(Items from a dataset)
◇ ◇ ◇

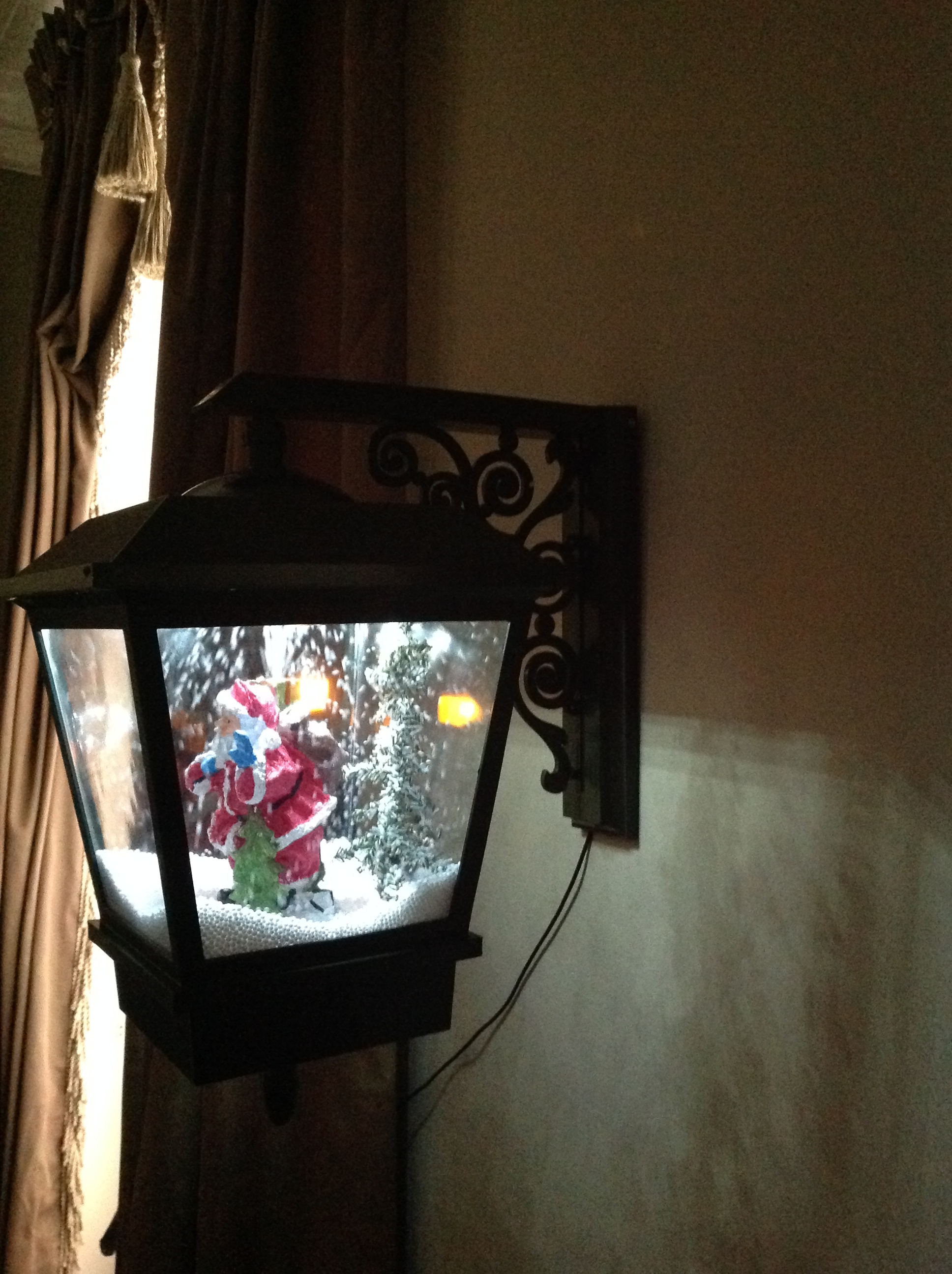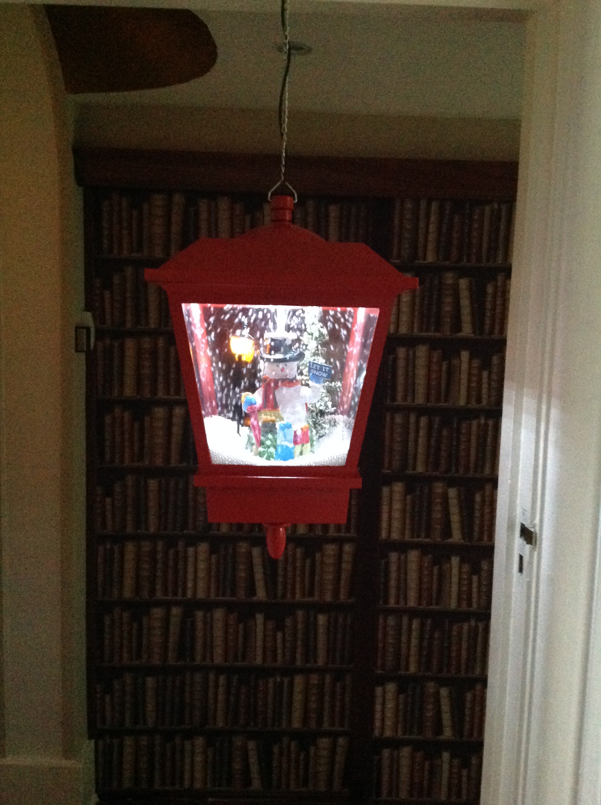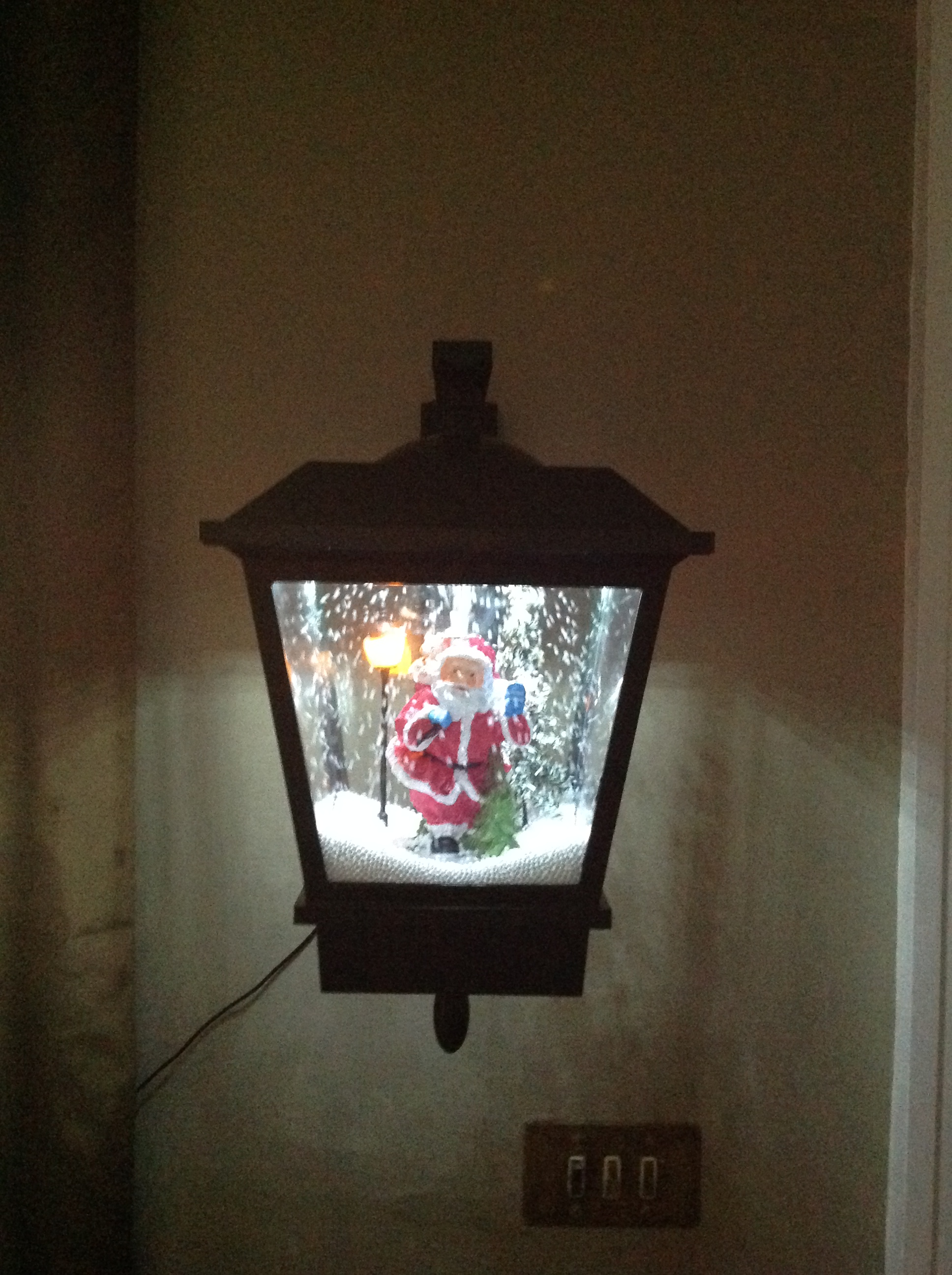 The snow is contained within the lantern which is illuminated by LED lights inside.
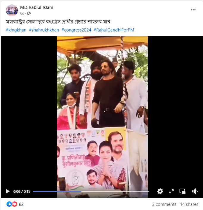 Claim: মহারাষ্ট্রের সোলাপুরে কংগ্রেস প্রার্থীর হয়ে প্রচারে নেমেছেন শাহরুখ খান।
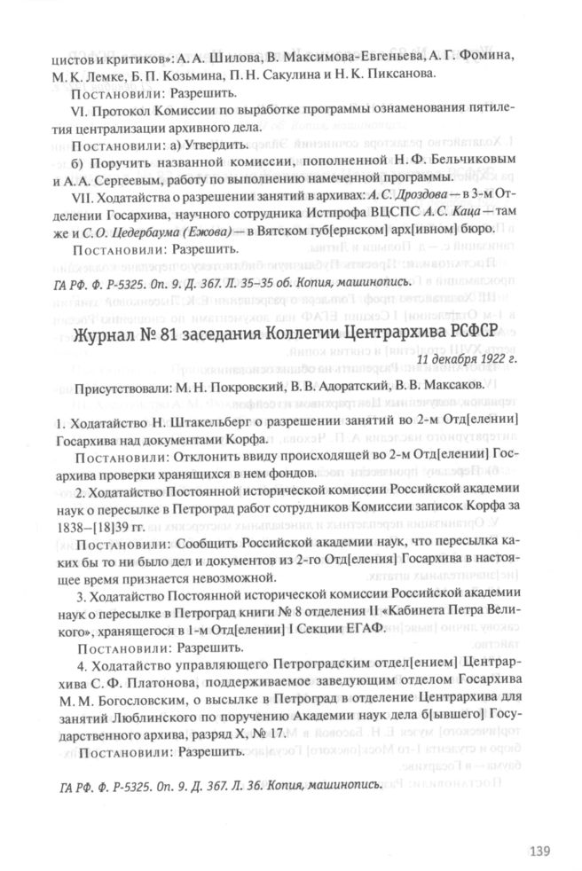 Журнал № 81 заседания Коллегии Центрархива РСФСР. 11 декабря 1922 г. // ГА РФ. Ф. P-5325. Oп. 9. Д. 367. Л. 36. Копия, машинопись.
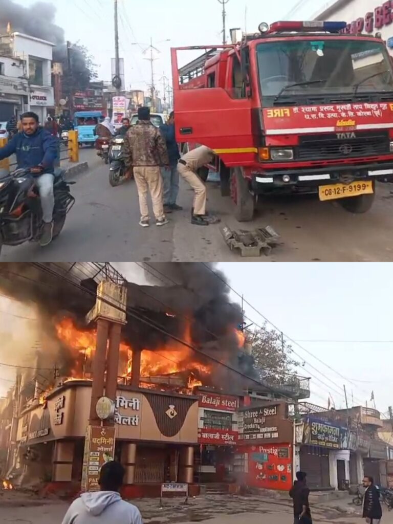 कोरबा (खटपट न्यूज़)। सोमवार की सुबह पावर हाउस रोड स्थित एस एस प्लाजा में संचालित पद्मिनी ज्वेलर्स दुकान के ऊपरी तल की दुकान में आल सुबह आग लग गई। आग इतनी भयंकर थी कि देखते देखते आस पास तेजी से फैलने लगी ।बगल की दुकानों तक आग ना पहुंच सके, इसके लिए लोगों ने समान हटाना शुरू किया है।
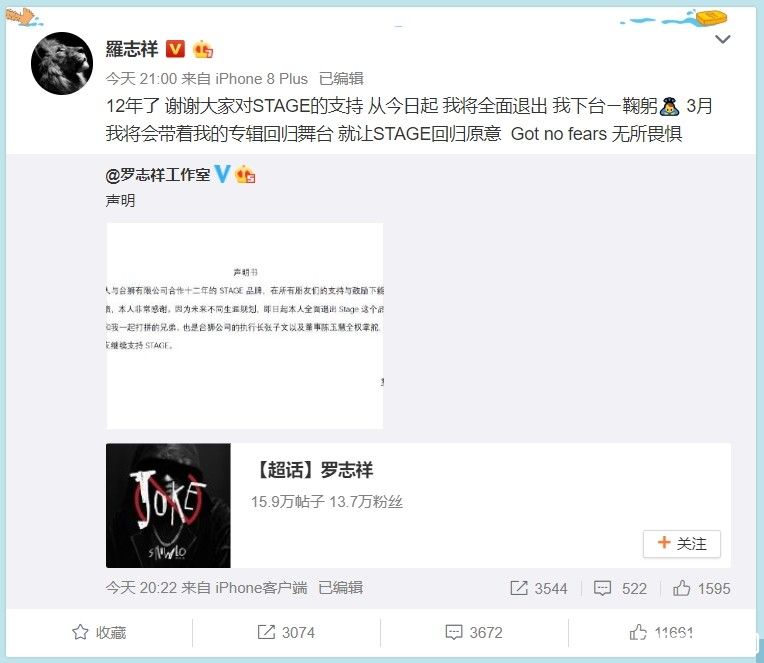 罗志祥18日亲自宣布退出STAGE,但并未说明详细原因,仅保守表示因为未来不同生涯规划。他晚间在微博发文感慨:12年了,谢谢大家对STAGE的支持,从今日起,我将全面退出,我下台一鞠躬。
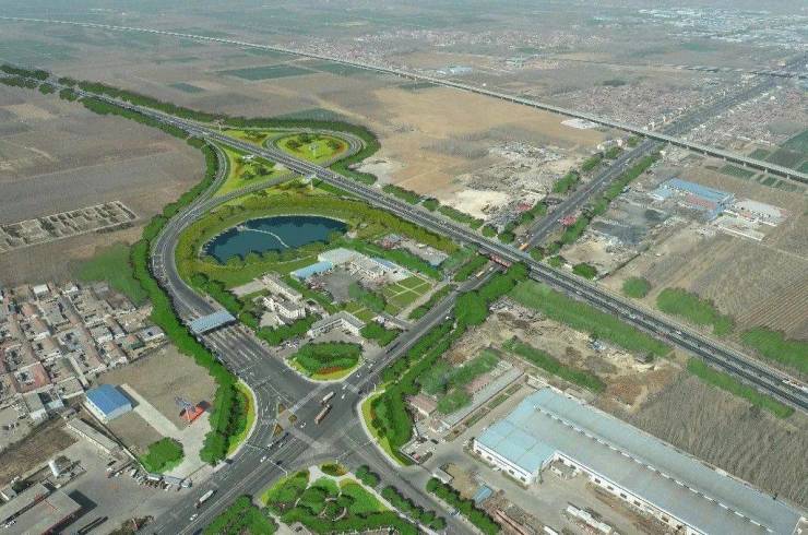 日兰高速济宁北出入口通过梳理现状植被,移栽部分乔木,塑造林水相映的大地艺术景观。
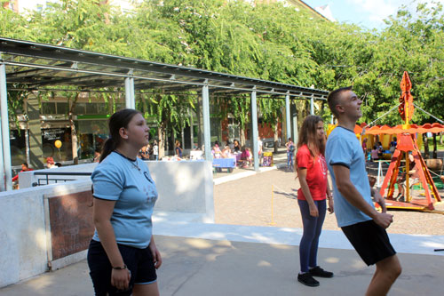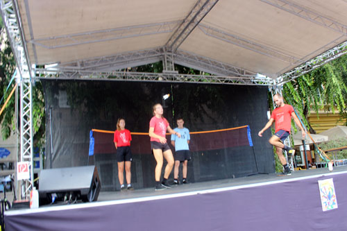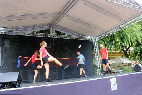 Lábtoll-labdázás a szabadtéri színpadon
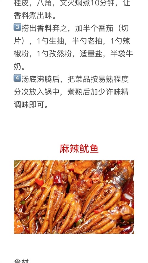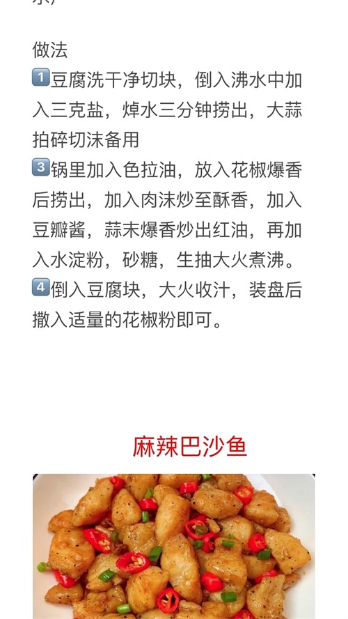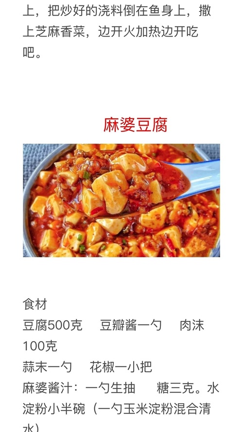 麻婆豆腐、麻辣巴沙鱼、减肥麻辣烫、麻辣鱿鱼的做法教程及配料
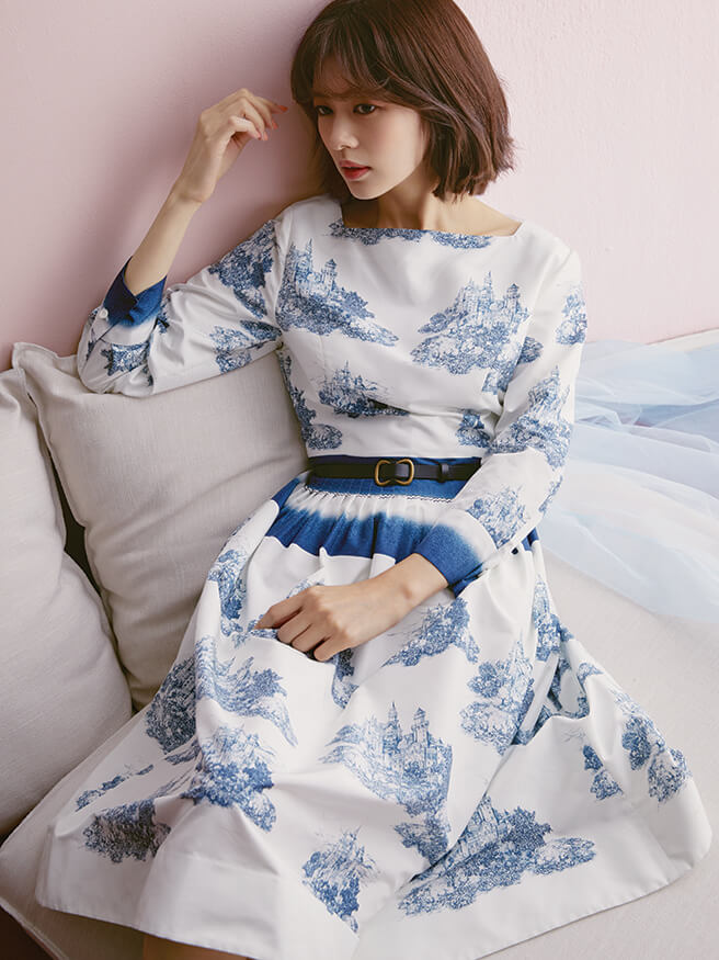 화려한 패턴이 프린팅된 플레어 드레스는 미샤(MICHAA) 80만원대
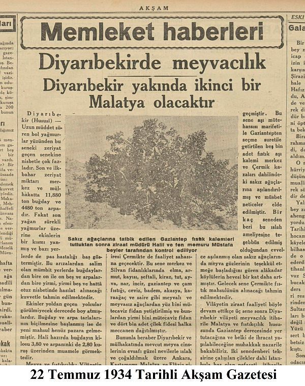 22 Temmuz 1934 tarihli Akşam gazetesinde yer alan “Diyarbakır’ın meyve üretiminde yakın zamanda ikinci bir Malatya olmayı hedeflediği” başlıklı haber meyve yetiştiriciliği alanında daha o tarihte Malatya’nın geldiği noktayı göstermesi açısından son derece çarpıcıdır. Habere göre meyvecilik alanında vilayetin yaptığı ziraat faaliyetleri böyle devam ederse Diyarbakır, 3-5 yıl içinde Malatya kadar önemli bir meyve şehri olacak, hatta ihracat yapabilecek seviyeye ulaşacaktır.

◇ ◇ ◇

Task statement: Print every line above once more, exactly. Omit the pictures.

Task solution:
 The snow is contained within the lantern which is illuminated by LED lights inside.
 Claim: মহারাষ্ট্রের সোলাপুরে কংগ্রেস প্রার্থীর হয়ে প্রচারে নেমেছেন শাহরুখ খান।
 Журнал № 81 заседания Коллегии Центрархива РСФСР. 11 декабря 1922 г. // ГА РФ. Ф. P-5325. Oп. 9. Д. 367. Л. 36. Копия, машинопись.
 कोरबा (खटपट न्यूज़)। सोमवार की सुबह पावर हाउस रोड स्थित एस एस प्लाजा में संचालित पद्मिनी ज्वेलर्स दुकान के ऊपरी तल की दुकान में आल सुबह आग लग गई। आग इतनी भयंकर थी कि देखते देखते आस पास तेजी से फैलने लगी ।बगल की दुकानों तक आग ना पहुंच सके, इसके लिए लोगों ने समान हटाना शुरू किया है।
 罗志祥18日亲自宣布退出STAGE,但并未说明详细原因,仅保守表示因为未来不同生涯规划。他晚间在微博发文感慨:12年了,谢谢大家对STAGE的支持,从今日起,我将全面退出,我下台一鞠躬。
 日兰高速济宁北出入口通过梳理现状植被,移栽部分乔木,塑造林水相映的大地艺术景观。
 Lábtoll-labdázás a szabadtéri színpadon
 麻婆豆腐、麻辣巴沙鱼、减肥麻辣烫、麻辣鱿鱼的做法教程及配料
 화려한 패턴이 프린팅된 플레어 드레스는 미샤(MICHAA) 80만원대
 22 Temmuz 1934 tarihli Akşam gazetesinde yer alan “Diyarbakır’ın meyve üretiminde yakın zamanda ikinci bir Malatya olmayı hedeflediği” başlıklı haber meyve yetiştiriciliği alanında daha o tarihte Malatya’nın geldiği noktayı göstermesi açısından son derece çarpıcıdır. Habere göre meyvecilik alanında vilayetin yaptığı ziraat faaliyetleri böyle devam ederse Diyarbakır, 3-5 yıl içinde Malatya kadar önemli bir meyve şehri olacak, hatta ihracat yapabilecek seviyeye ulaşacaktır.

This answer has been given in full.